▶ **EXERCISE GOAL**
Begin at the line with "肩部逼真的雄性和雌性美人鱼纹身图片" and output every line through the end of the records, exactly as given. Omit pictures.
=== RECORDS ===
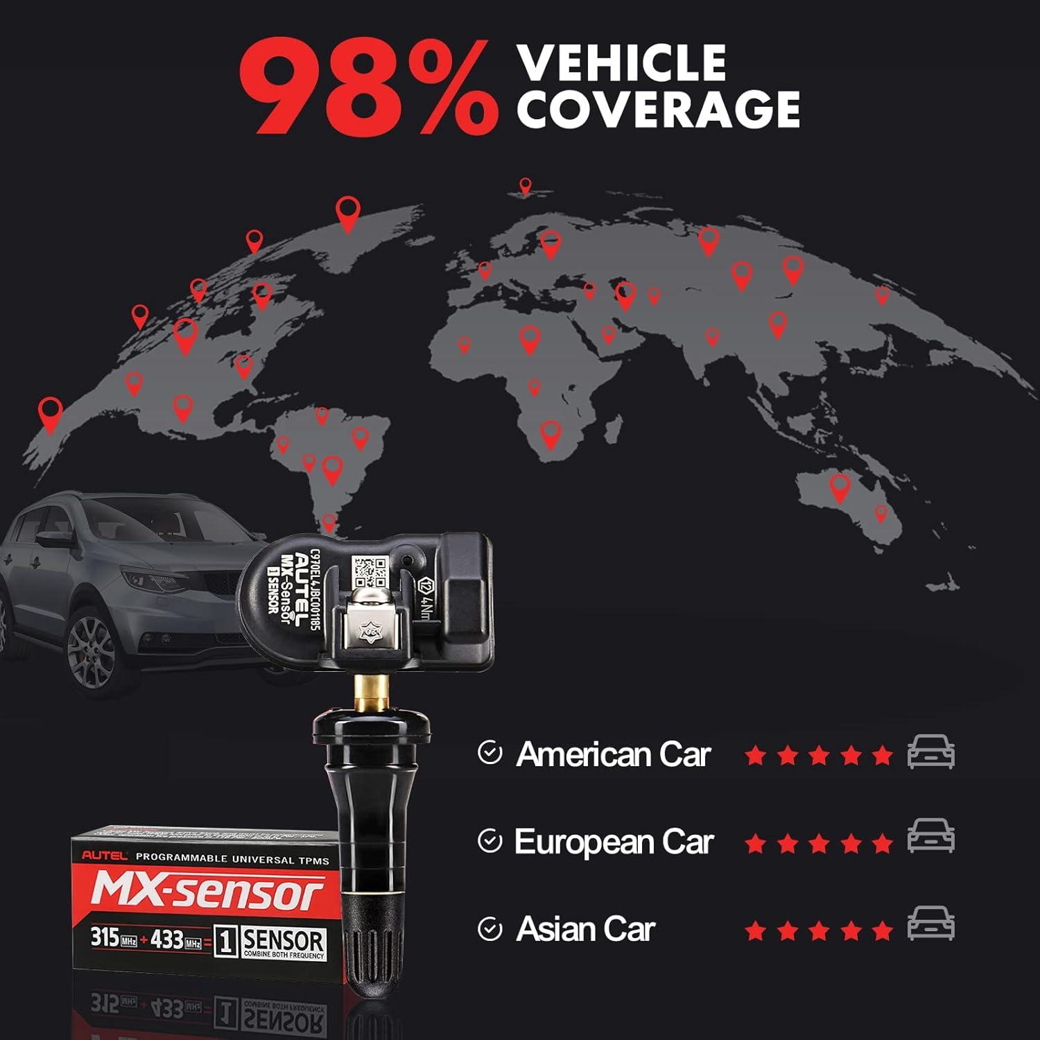 🚗【Tire Pressure Monitoring System Sensor combines 315MHz+433MHz Frequency】 Autel 2 in 1 MX-Sensor builds to match or exceed OEM sensors are 100% ID clone-able with no relearn required when it's cloned with original sensor ID and put in the same position, coverage the solution with 98% model vehicles from Autel wireless programming tool. Superior battery life and stability high performance for a period of 24 months or 24,000 miles. Guaranteed with SAE industry standard J1205/J1206 testing.
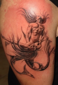 肩部逼真的雄性和雌性美人鱼纹身图片
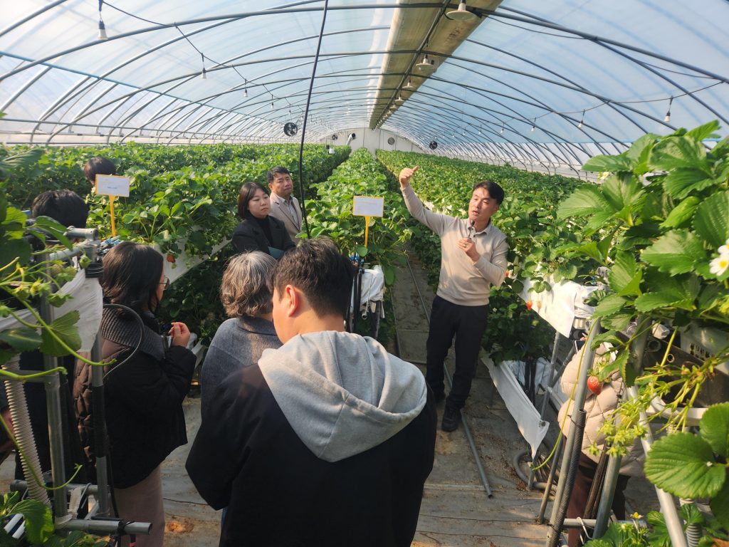 이날 설명회에서는 LED 적용 딸기 다단재배 시범사업 추진 방향을 비롯해 재배 기술 교육과 지역별 사업 추진 계획에 대한 논의가 이어졌다. 참석자들은 이후 논산시 부적면의 딸기 재배 농가를 찾아 LED 보광등과 다단 재배 시설이 설치된 현장을 직접 둘러보며 기술 적용 사례를 확인했다.
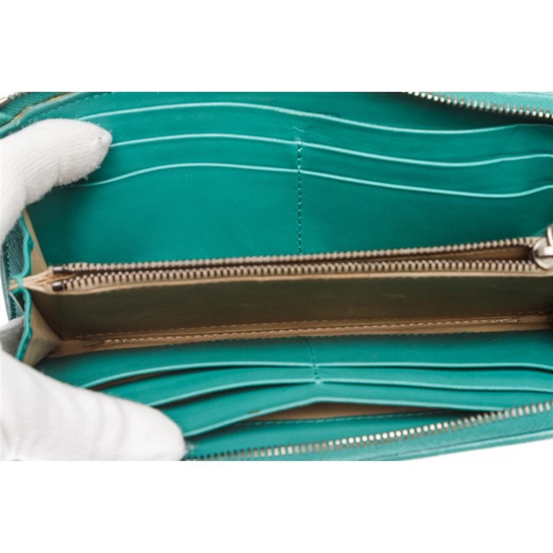 One Bottega Veneta Green Woven Leather Zip Long Wallet. Crafted out of green woven leather and silver hardware. Inner taupe leather lining, eight cardots, middle zip pocket divider, and double moneyip pockets. Item is pre-owned.
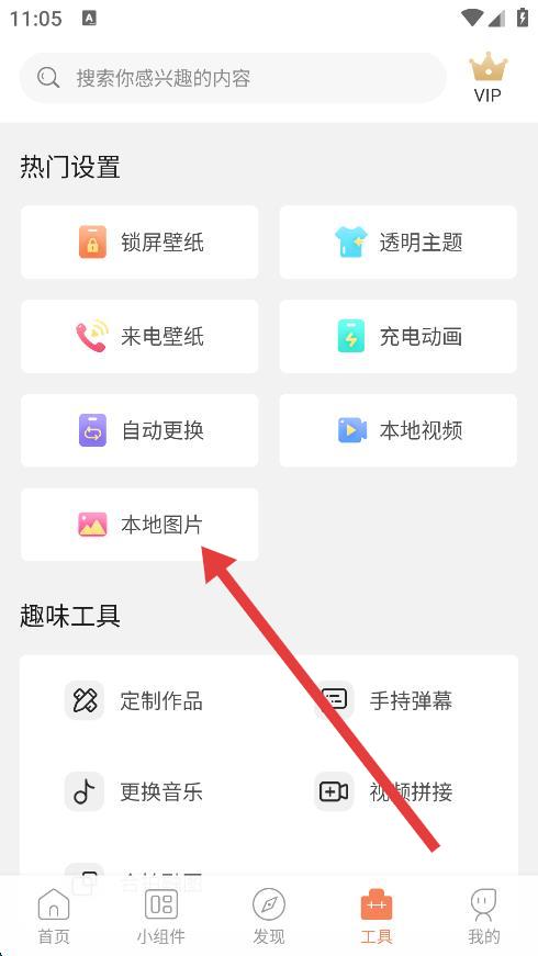 2、在工具頁面的熱門設(shè)置板塊中,點擊本地圖?選項。
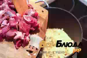 3. В казане нагреть масло, добавить репчатый лук и готовить его, иногда помешивая, до золотистости. Добавить мясо, перемешать. Посолить и посыпать зирой. Огонь не уменьшайте, но и не давайте луку подгорать.
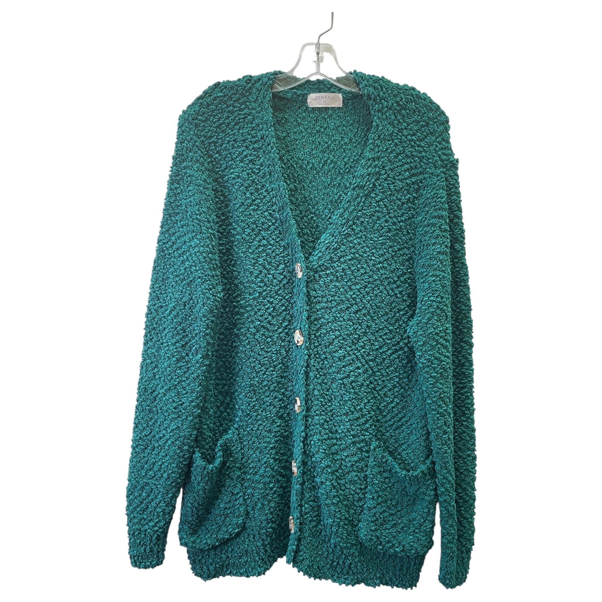 Sweater Cardigan By Zenana Outfitters In Green, Size:2X
===
▶ **OUTPUT BELOW**
 肩部逼真的雄性和雌性美人鱼纹身图片
 이날 설명회에서는 LED 적용 딸기 다단재배 시범사업 추진 방향을 비롯해 재배 기술 교육과 지역별 사업 추진 계획에 대한 논의가 이어졌다. 참석자들은 이후 논산시 부적면의 딸기 재배 농가를 찾아 LED 보광등과 다단 재배 시설이 설치된 현장을 직접 둘러보며 기술 적용 사례를 확인했다.
 One Bottega Veneta Green Woven Leather Zip Long Wallet. Crafted out of green woven leather and silver hardware. Inner taupe leather lining, eight cardots, middle zip pocket divider, and double moneyip pockets. Item is pre-owned.
 2、在工具頁面的熱門設(shè)置板塊中,點擊本地圖?選項。
 3. В казане нагреть масло, добавить репчатый лук и готовить его, иногда помешивая, до золотистости. Добавить мясо, перемешать. Посолить и посыпать зирой. Огонь не уменьшайте, но и не давайте луку подгорать.
 Sweater Cardigan By Zenana Outfitters In Green, Size:2X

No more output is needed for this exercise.